> [TASK TO CARRY OUT] From start to finish, set down the entries below exactly, leaving out the pictures.

> [PROVIDED RECORDS]
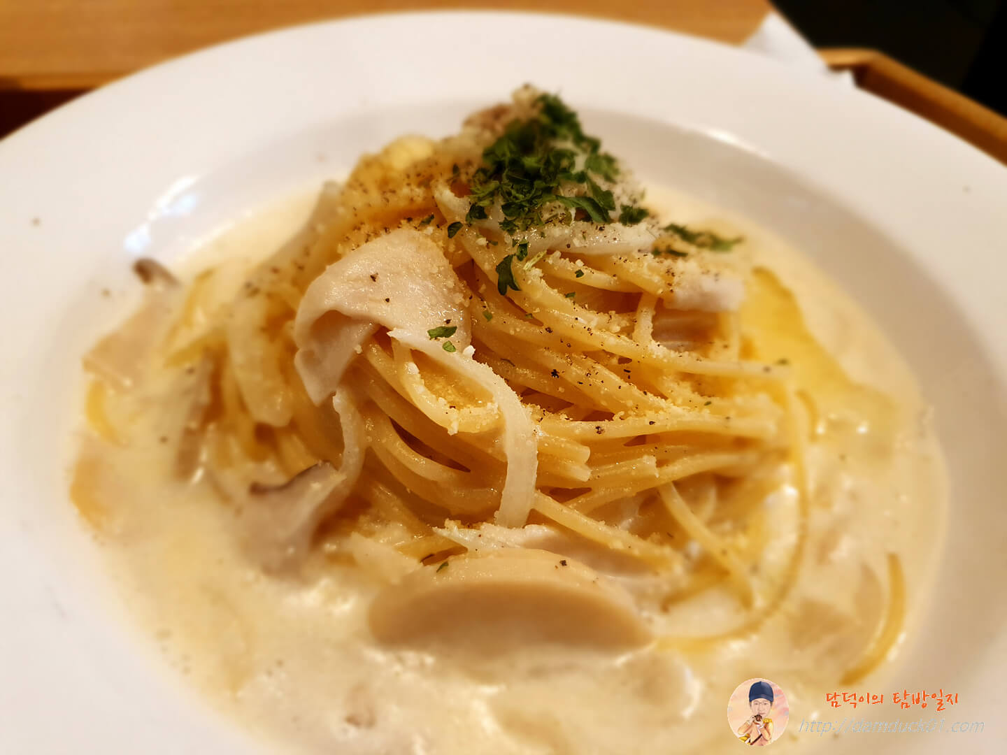 제가 주문한 버섯 크림 파스타가 나왔어요.
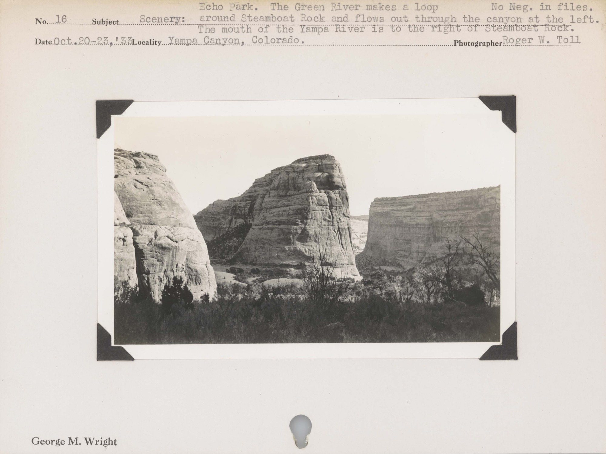Scenery: Echo Park. The Green River makes a loop around Steamboat Rock and flows out through the canyon at the left. The mouth of the Yampa River is to the right of Steamboat Rock. No negative on file. Locality: Yampa Canyon, Colorado. [Date actually reads Oct. 20-23, 1933 but only 1933-10-20 is used in metadata].
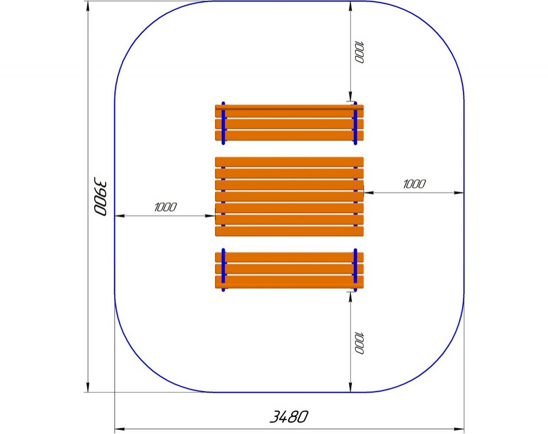 Занимаемая площадь с учетом зон безопасности и приземления: 3900 × 3480 мм.
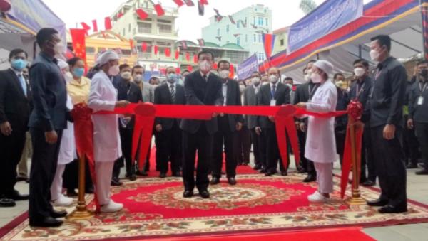 3月21日,駐柬埔寨大使王文天同洪森首相在金邊共同出席考斯瑪中柬友誼醫(yī)院?jiǎn)⒂脙x式。
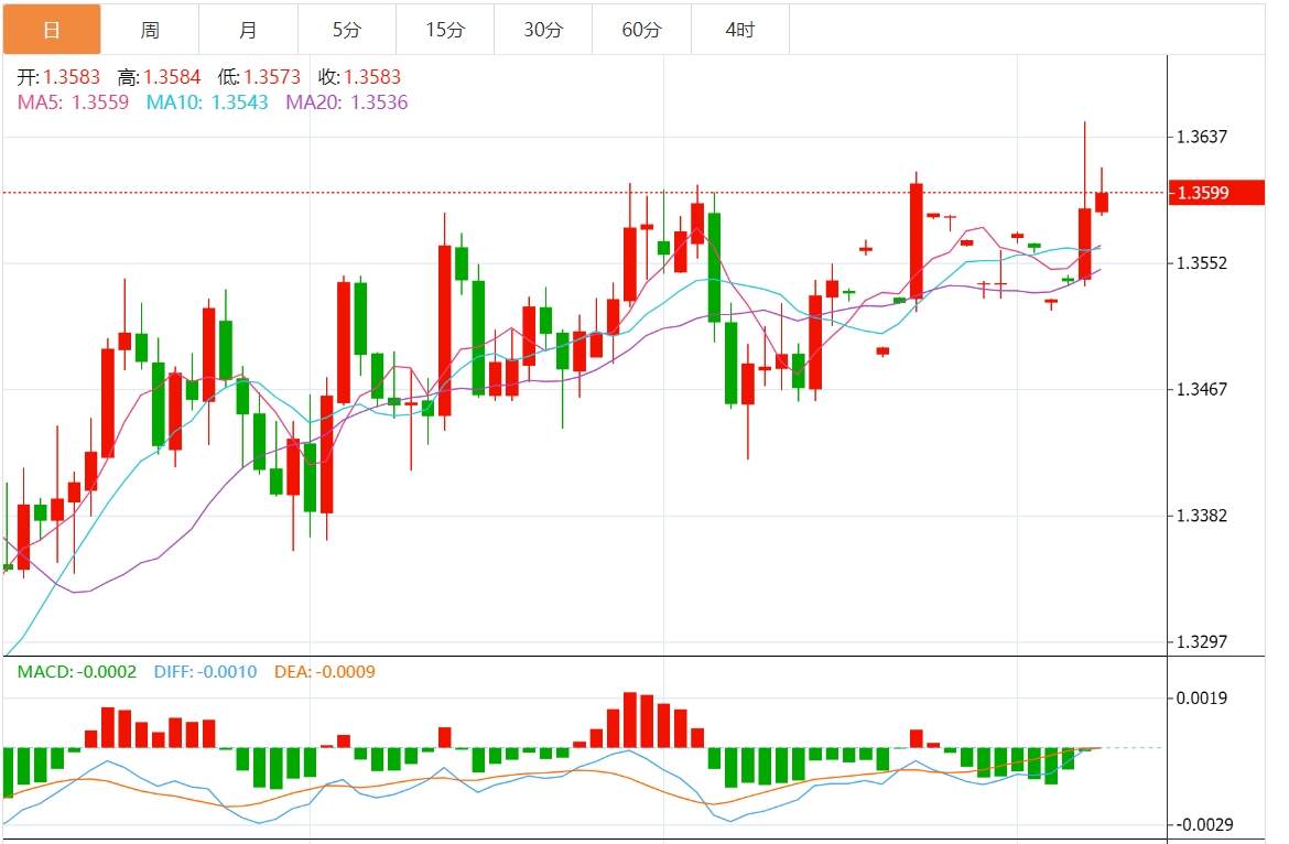 周一亚盘,美元/加元因避险情绪而回吐盘中涨幅。在美国国债收益率上升的支撑下,美元(USD)走强,从而对美元/加元货币对施加了上行支撑。截止发稿,美元/加元徘徊于1.3598附近,逼近1.3600关口。 |
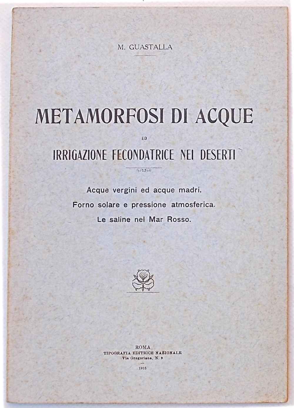 In 8° (cm. 24 x 17); pagg. 71; con 3 illustrazioni n.t.; leggera cartonatura originale. VG. ** L'Autore illustra un nuovo sistema con forno solare per potabilizzare l'acqua di mare e per rendere più efficente la produzione delle saline. Con note sulle saline del Mar Rosso (Aden, Porto Said, Massaua) e sulle slaine italiane.
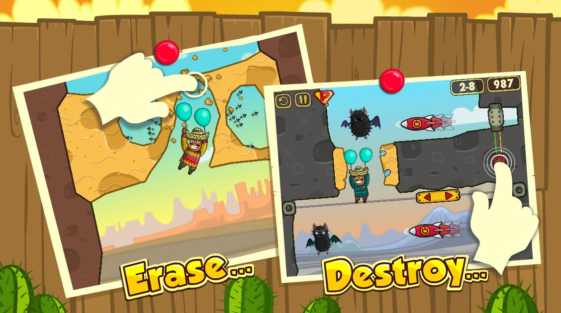 游戏包含6个各具特色的冒险地点(德克萨斯州、西伯利亚、西藏、秘鲁、北极、阿富汗)和120个精心设计的关卡,后续还将持续更新更多精彩内容!基于物理引擎的互动玩法让游戏充满真实感,玩家可以通过擦除、旋转、吹动、爆炸等多种方式帮助潘乔不断攀升。但要注意,这款游戏极易让人上瘾!你还可以邀请家人朋友一起加入,共同体验这款充满欢乐的冒险游戏。
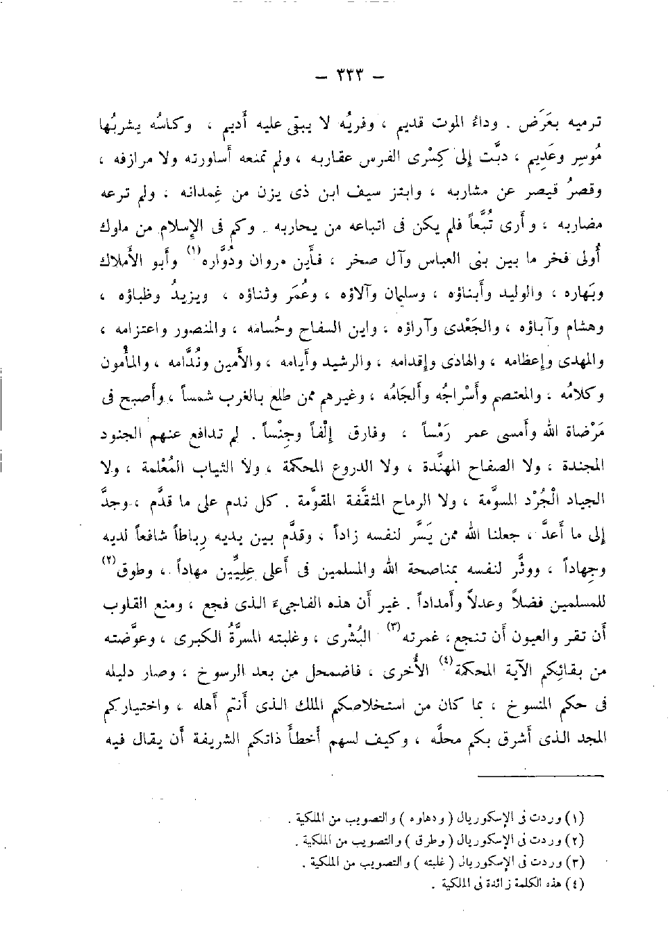 ترميه بِعرْض. وداء الْمَوْت قديم، وفريه لَا يبْقى عَلَيْهِ أَدِيم، وكاسه يشْربهَا مُوسر وعديم، دبت إِلَى كسْرَى الْفرس عقاربه، وَلم تَمنعهُ أساورته وَلَا مرازفه، وَقصر قَيْصر عَن مشاربه، وابتز سيف ابْن ذِي يزن من غمدانه، وَلم ترعه مضاربه، وَأرى تبعا فَلم يكن فِي اتِّبَاعه من يحاربه وَكم فِي الْإِسْلَام من مُلُوك أولى فَخر مَا بَين بني الْعَبَّاس وَآل صَخْر، فَأَيْنَ مَرْوَان ودواره وَأَبُو الْأَمْلَاك وبهاره، والوليد وأبناؤه، وَسليمَان وآلاؤه، وَعمر وثناؤه، وَيزِيد وظباؤه، وَهِشَام وآباؤه، والجعدي وآراؤه، وَأَيْنَ السفاح وحسامه، والمنصور واعتزامه، وَالْمهْدِي وإعظامه، وَالْهَادِي وإقدامه، والرشيد وأيامه، والأمين وندامه، والمأمون وَكَلَامه، والمعتصم وأسراجه وألجامه، وَغَيرهم مِمَّن طلع بالغرب شمسا، وَأصْبح فِي مرضاة الله وَأمسى عمر رمسا، وَفَارق إلفا وجنسا. لم تدافع عَنْهُم الْجنُود المجندة، وَلَا الصفاح المهندة، وَلَا الدروع المحكمة، وَلَا الثِّيَاب المعلمة، وَلَا الْجِيَاد الجرد المسومة، وَلَا الرماح المثقفة المقومة. كل نَدم على مَا قدم، وجد إِلَى مَا أعد، جعلنَا الله مِمَّن يسر لنَفسِهِ زادا، وَقدم بَين يَدَيْهِ رِبَاطًا شافعا لَدَيْهِ وجهادا، ووثر لنَفسِهِ بمناصحة الله وَالْمُسْلِمين فِي أَعلَى عليين مهادا، وطوق للْمُسلمين فضل وعدلا وأمدادا. غير أَن هَذِه الفاجىء الَّذِي فجع، وَمنع الْقُلُوب أَن تقر والعيون أَن تنجع، غمرته الْبُشْرَى، وغلبته المسرة الْكُبْرَى، وعوضته من بقائكم الْآيَة المحكمة الْأُخْرَى، فاضمحل من بعد الرسوخ، وَصَارَ دَلِيله فِي حكم الْمَنْسُوخ، بِمَا كَانَ من استخلاصكم الْملك الَّذِي أَنْتُم أَهله، واختياركم الْمجد الَّذِي أشرق بكم مَحَله، وَكَيف لسهم أَخطَأ ذاتكم الشَّرِيفَة أَن يُقَال فِيهِ
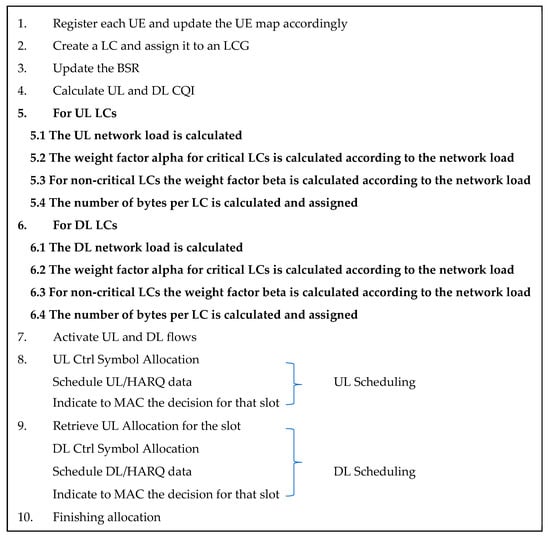 A weight factor, denoted as “alpha” is introduced, which is defined concerning the network load and is used to provide more resources per service, compared to what is requested, for critical services (e.g., ToD, HDM). Similarly, a weight factor “beta”, related to the overall network load is used to allocate fewer resources in the case of non-critical BSM services. When both factors are set, the number of bytes per LC is calculated and assigned. Steps 7–10 of the implementation follow the PF scheduler design [23].
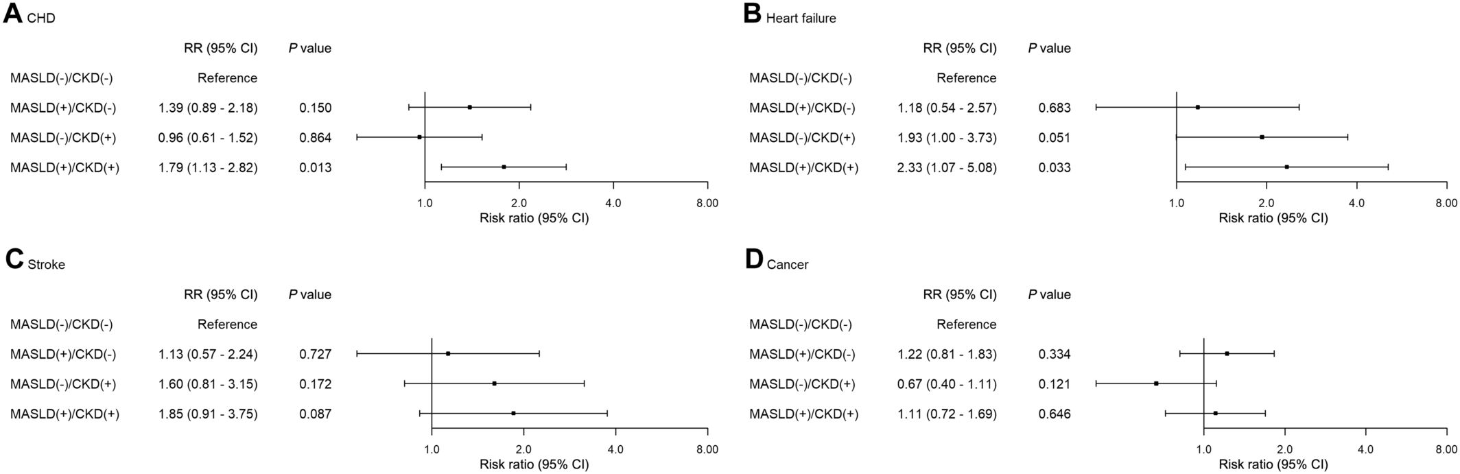 在次要终点方面,MASLD(+)/CKD(+)表型与冠心病(RR=1.79)和心力衰竭(RR=2.33)风险增加相关。MASLD/CKD表型均未显示出与卒中或癌症风险有显著关联(图4)。

> [PROBLEM SOLUTION]
 제가 주문한 버섯 크림 파스타가 나왔어요.
Scenery: Echo Park. The Green River makes a loop around Steamboat Rock and flows out through the canyon at the left. The mouth of the Yampa River is to the right of Steamboat Rock. No negative on file. Locality: Yampa Canyon, Colorado. [Date actually reads Oct. 20-23, 1933 but only 1933-10-20 is used in metadata].
 Занимаемая площадь с учетом зон безопасности и приземления: 3900 × 3480 мм.
 3月21日,駐柬埔寨大使王文天同洪森首相在金邊共同出席考斯瑪中柬友誼醫(yī)院?jiǎn)⒂脙x式。
 周一亚盘,美元/加元因避险情绪而回吐盘中涨幅。在美国国债收益率上升的支撑下,美元(USD)走强,从而对美元/加元货币对施加了上行支撑。截止发稿,美元/加元徘徊于1.3598附近,逼近1.3600关口。 |
 In 8° (cm. 24 x 17); pagg. 71; con 3 illustrazioni n.t.; leggera cartonatura originale. VG. ** L'Autore illustra un nuovo sistema con forno solare per potabilizzare l'acqua di mare e per rendere più efficente la produzione delle saline. Con note sulle saline del Mar Rosso (Aden, Porto Said, Massaua) e sulle slaine italiane.
 游戏包含6个各具特色的冒险地点(德克萨斯州、西伯利亚、西藏、秘鲁、北极、阿富汗)和120个精心设计的关卡,后续还将持续更新更多精彩内容!基于物理引擎的互动玩法让游戏充满真实感,玩家可以通过擦除、旋转、吹动、爆炸等多种方式帮助潘乔不断攀升。但要注意,这款游戏极易让人上瘾!你还可以邀请家人朋友一起加入,共同体验这款充满欢乐的冒险游戏。
 ترميه بِعرْض. وداء الْمَوْت قديم، وفريه لَا يبْقى عَلَيْهِ أَدِيم، وكاسه يشْربهَا مُوسر وعديم، دبت إِلَى كسْرَى الْفرس عقاربه، وَلم تَمنعهُ أساورته وَلَا مرازفه، وَقصر قَيْصر عَن مشاربه، وابتز سيف ابْن ذِي يزن من غمدانه، وَلم ترعه مضاربه، وَأرى تبعا فَلم يكن فِي اتِّبَاعه من يحاربه وَكم فِي الْإِسْلَام من مُلُوك أولى فَخر مَا بَين بني الْعَبَّاس وَآل صَخْر، فَأَيْنَ مَرْوَان ودواره وَأَبُو الْأَمْلَاك وبهاره، والوليد وأبناؤه، وَسليمَان وآلاؤه، وَعمر وثناؤه، وَيزِيد وظباؤه، وَهِشَام وآباؤه، والجعدي وآراؤه، وَأَيْنَ السفاح وحسامه، والمنصور واعتزامه، وَالْمهْدِي وإعظامه، وَالْهَادِي وإقدامه، والرشيد وأيامه، والأمين وندامه، والمأمون وَكَلَامه، والمعتصم وأسراجه وألجامه، وَغَيرهم مِمَّن طلع بالغرب شمسا، وَأصْبح فِي مرضاة الله وَأمسى عمر رمسا، وَفَارق إلفا وجنسا. لم تدافع عَنْهُم الْجنُود المجندة، وَلَا الصفاح المهندة، وَلَا الدروع المحكمة، وَلَا الثِّيَاب المعلمة، وَلَا الْجِيَاد الجرد المسومة، وَلَا الرماح المثقفة المقومة. كل نَدم على مَا قدم، وجد إِلَى مَا أعد، جعلنَا الله مِمَّن يسر لنَفسِهِ زادا، وَقدم بَين يَدَيْهِ رِبَاطًا شافعا لَدَيْهِ وجهادا، ووثر لنَفسِهِ بمناصحة الله وَالْمُسْلِمين فِي أَعلَى عليين مهادا، وطوق للْمُسلمين فضل وعدلا وأمدادا. غير أَن هَذِه الفاجىء الَّذِي فجع، وَمنع الْقُلُوب أَن تقر والعيون أَن تنجع، غمرته الْبُشْرَى، وغلبته المسرة الْكُبْرَى، وعوضته من بقائكم الْآيَة المحكمة الْأُخْرَى، فاضمحل من بعد الرسوخ، وَصَارَ دَلِيله فِي حكم الْمَنْسُوخ، بِمَا كَانَ من استخلاصكم الْملك الَّذِي أَنْتُم أَهله، واختياركم الْمجد الَّذِي أشرق بكم مَحَله، وَكَيف لسهم أَخطَأ ذاتكم الشَّرِيفَة أَن يُقَال فِيهِ
 A weight factor, denoted as “alpha” is introduced, which is defined concerning the network load and is used to provide more resources per service, compared to what is requested, for critical services (e.g., ToD, HDM). Similarly, a weight factor “beta”, related to the overall network load is used to allocate fewer resources in the case of non-critical BSM services. When both factors are set, the number of bytes per LC is calculated and assigned. Steps 7–10 of the implementation follow the PF scheduler design [23].
 在次要终点方面,MASLD(+)/CKD(+)表型与冠心病(RR=1.79)和心力衰竭(RR=2.33)风险增加相关。MASLD/CKD表型均未显示出与卒中或癌症风险有显著关联(图4)。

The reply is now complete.